### What you have to do
At the line with "4月11日上午10:00-1", start transcribing; stop after the last line of the data below. Keep it exact and leave pictures out.

===== Information provided =====

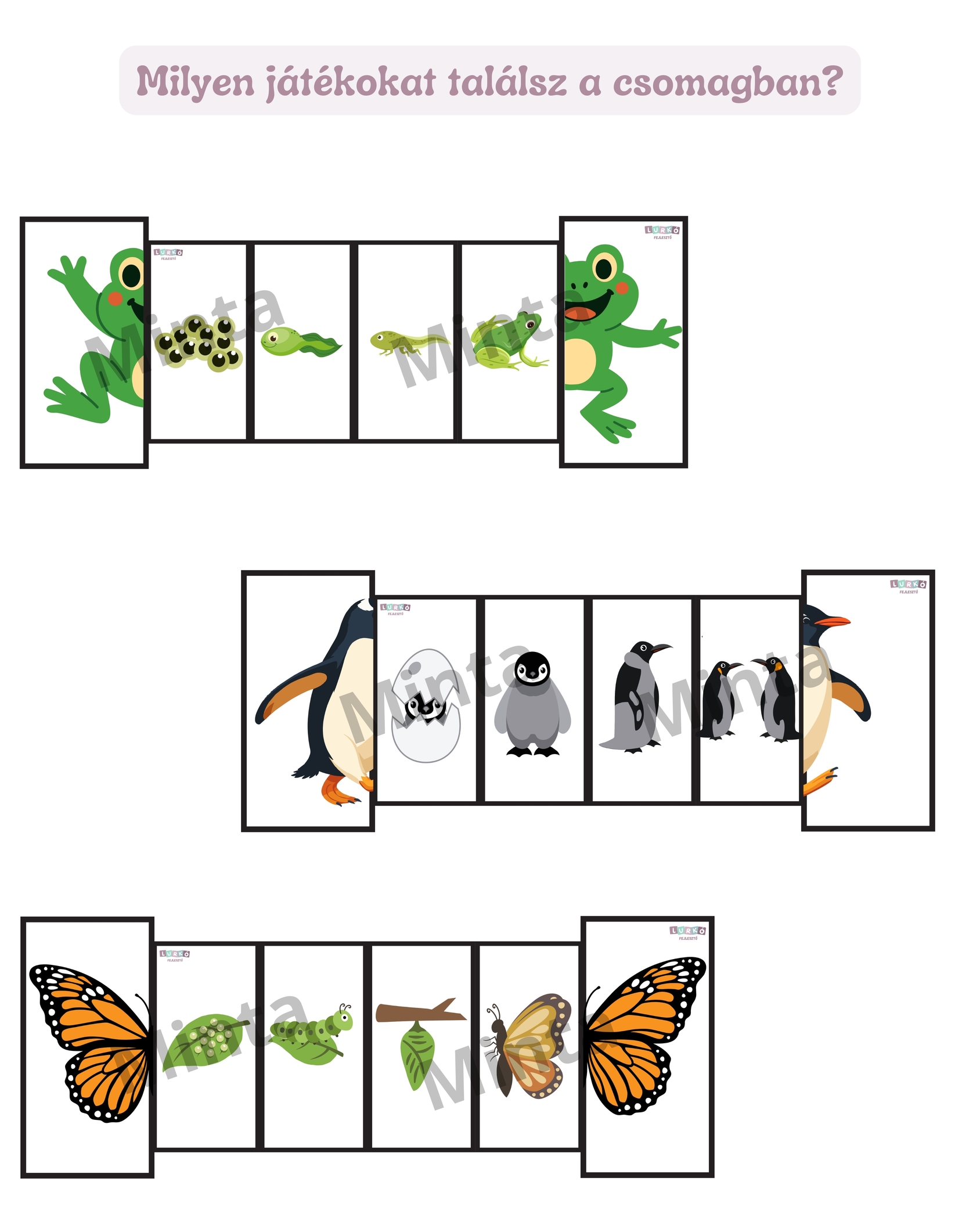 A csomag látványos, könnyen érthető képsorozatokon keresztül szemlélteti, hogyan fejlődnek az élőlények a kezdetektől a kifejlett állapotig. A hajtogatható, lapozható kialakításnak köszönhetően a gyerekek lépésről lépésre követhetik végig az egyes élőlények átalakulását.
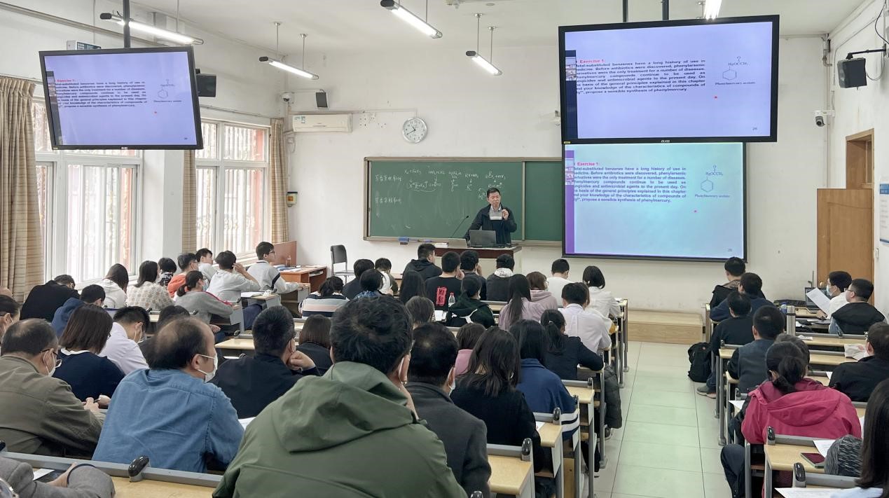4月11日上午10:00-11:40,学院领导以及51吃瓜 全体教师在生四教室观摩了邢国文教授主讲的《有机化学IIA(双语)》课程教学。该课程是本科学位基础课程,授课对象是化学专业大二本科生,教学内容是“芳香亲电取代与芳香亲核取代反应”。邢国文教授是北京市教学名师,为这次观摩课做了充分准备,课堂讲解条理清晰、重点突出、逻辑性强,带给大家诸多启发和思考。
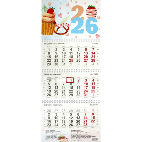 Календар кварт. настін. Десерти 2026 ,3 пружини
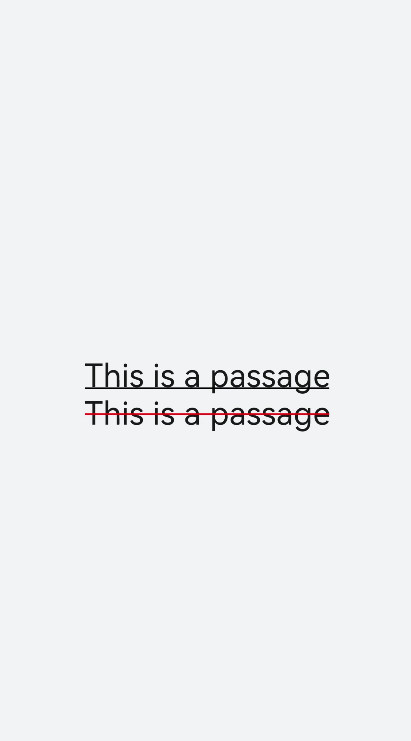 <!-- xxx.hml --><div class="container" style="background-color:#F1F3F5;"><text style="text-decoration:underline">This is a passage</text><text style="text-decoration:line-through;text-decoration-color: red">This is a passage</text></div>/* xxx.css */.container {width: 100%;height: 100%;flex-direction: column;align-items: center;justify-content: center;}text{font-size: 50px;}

=====

### Response box
4月11日上午10:00-11:40,学院领导以及51吃瓜 全体教师在生四教室观摩了邢国文教授主讲的《有机化学IIA(双语)》课程教学。该课程是本科学位基础课程,授课对象是化学专业大二本科生,教学内容是“芳香亲电取代与芳香亲核取代反应”。邢国文教授是北京市教学名师,为这次观摩课做了充分准备,课堂讲解条理清晰、重点突出、逻辑性强,带给大家诸多启发和思考。
 Календар кварт. настін. Десерти 2026 ,3 пружини
 <!-- xxx.hml --><div class="container" style="background-color:#F1F3F5;"><text style="text-decoration:underline">This is a passage</text><text style="text-decoration:line-through;text-decoration-color: red">This is a passage</text></div>/* xxx.css */.container {width: 100%;height: 100%;flex-direction: column;align-items: center;justify-content: center;}text{font-size: 50px;}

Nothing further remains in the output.